# TDZ C64 Knowledge Server - Development Context
## Quick Reference
**Before asking questions, check:**
1. CONTEXT.md (this file) - Current status, quick stats
2. CLAUDE.md - Dev commands, code patterns
3. README.md - Features, installation, tools
4. ARCHITECTURE.md - Technical deep dive
5. Source files (server.py, cli.py, admin_gui.py, rest_server.py)
## Project Overview
MCP server providing Claude with searchable Commodore 64 documentation (memory maps, hardware specs, programming references, technical manuals).
**Architecture:**
- MCP Server (Python, stdio transport) + optional REST API (FastAPI, 27 endpoints)

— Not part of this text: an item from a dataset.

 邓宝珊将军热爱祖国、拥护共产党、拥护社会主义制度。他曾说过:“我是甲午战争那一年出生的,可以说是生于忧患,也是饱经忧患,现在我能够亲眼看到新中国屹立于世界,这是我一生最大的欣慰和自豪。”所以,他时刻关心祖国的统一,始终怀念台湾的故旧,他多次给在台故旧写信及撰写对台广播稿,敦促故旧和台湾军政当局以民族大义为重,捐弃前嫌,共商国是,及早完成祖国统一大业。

- SQLite database (16 tables, FTS5 full-text search)
- Multi-format ingestion: PDF, text, Markdown, HTML, Excel, web scraping
- Search: FTS5 (480x faster), semantic (FAISS), hybrid, fuzzy, RAG
- AI: Entity extraction, relationship mapping, topic modeling, clustering, anomaly detection, question answering
## Current Status - v2.23.14
**Development Phase:**
- ✅ Phase 1: AI-Powered Intelligence (v2.13-v2.22.0) - Complete
- ✅ Phase 2: Advanced Search & Discovery (v2.23.0-v2.23.1) - Complete
- RAG question answering with citations
- Fuzzy search with typo tolerance
- Progressive search refinement
- Smart document tagging
- ✅ Phase 3: Content Intelligence (v2.15-v2.23.15) - Complete (100%)

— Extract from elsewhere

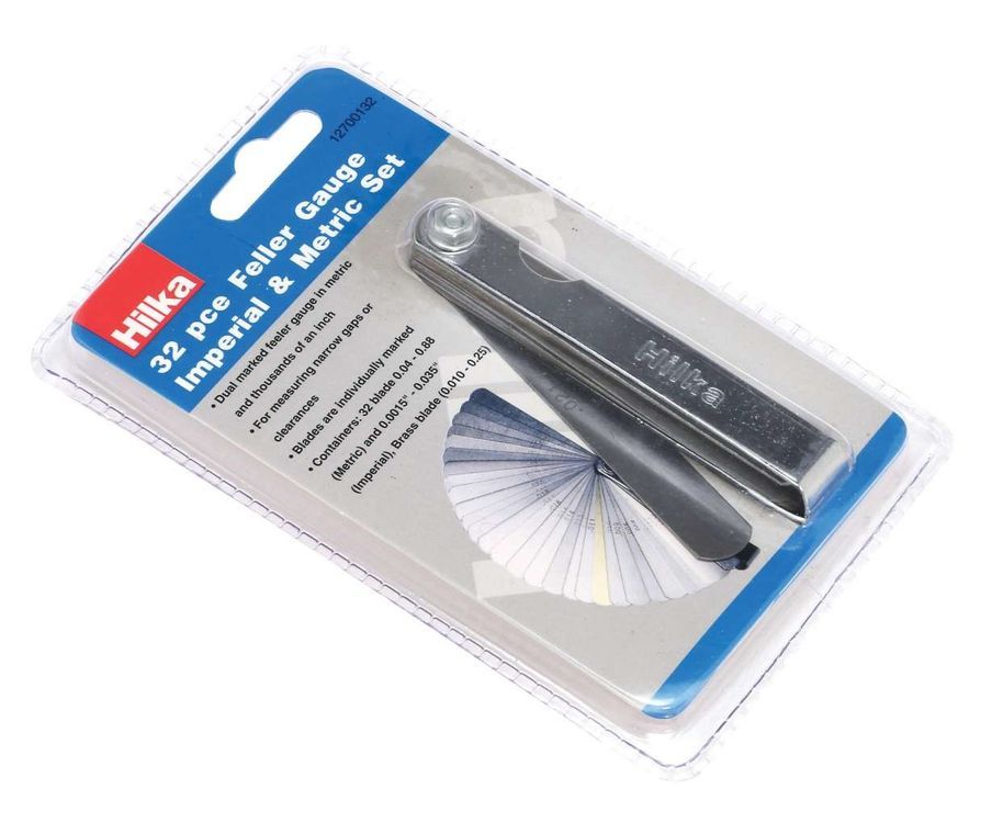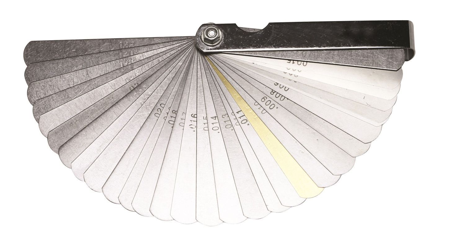 32 leaf dual marked feeler gauge for measuring narrow gaps or clearances. Dual marked feeler gauge in metric and thousands of an inch. Blades are individually marked. Contains: 32 blade 0.04 - 0.88 (metric) and 0.0015" - 0.035" (imperial), Brass blade (0.010 - 0.254). Blade length 75mm.

- Entity extraction, relationship mapping
- Version tracking, anomaly detection (fully implemented)
- ✅ **Knowledge Extraction Phase 2: Topical Analysis (v2.23.14) - Complete**
- Topic modeling (LDA, NMF, BERTopic)
- Document clustering (K-Means, DBSCAN, HDBSCAN)
- Visualizations (word clouds, distribution charts, 2D plots, dendrograms)
- 8 new MCP tools for topics and clusters
- 🎯 **Current Focus:** Knowledge Extraction Phase 3 (Temporal Analysis)
## Key Stats & Performance
- **Scalability:** Tested to 5,000+ documents with excellent performance
- **Search Performance:** FTS5 85ms avg, Semantic 16ms avg, Hybrid 142ms avg
- **Throughput:** 5,712 concurrent queries/sec (10 workers), 3,400+ docs/sec anomaly detection
- **Entity Extraction:** 5000x faster with C64-specific regex (1ms vs 5s LLM-only)
- **Database:** 12+ tables, ACID transactions, lazy loading, content-based deduplication
## Core Components
- **server.py** - MCP server, KnowledgeBase class, 50+ tools, AI features
- **rest_server.py** - FastAPI REST API (27 endpoints, optional)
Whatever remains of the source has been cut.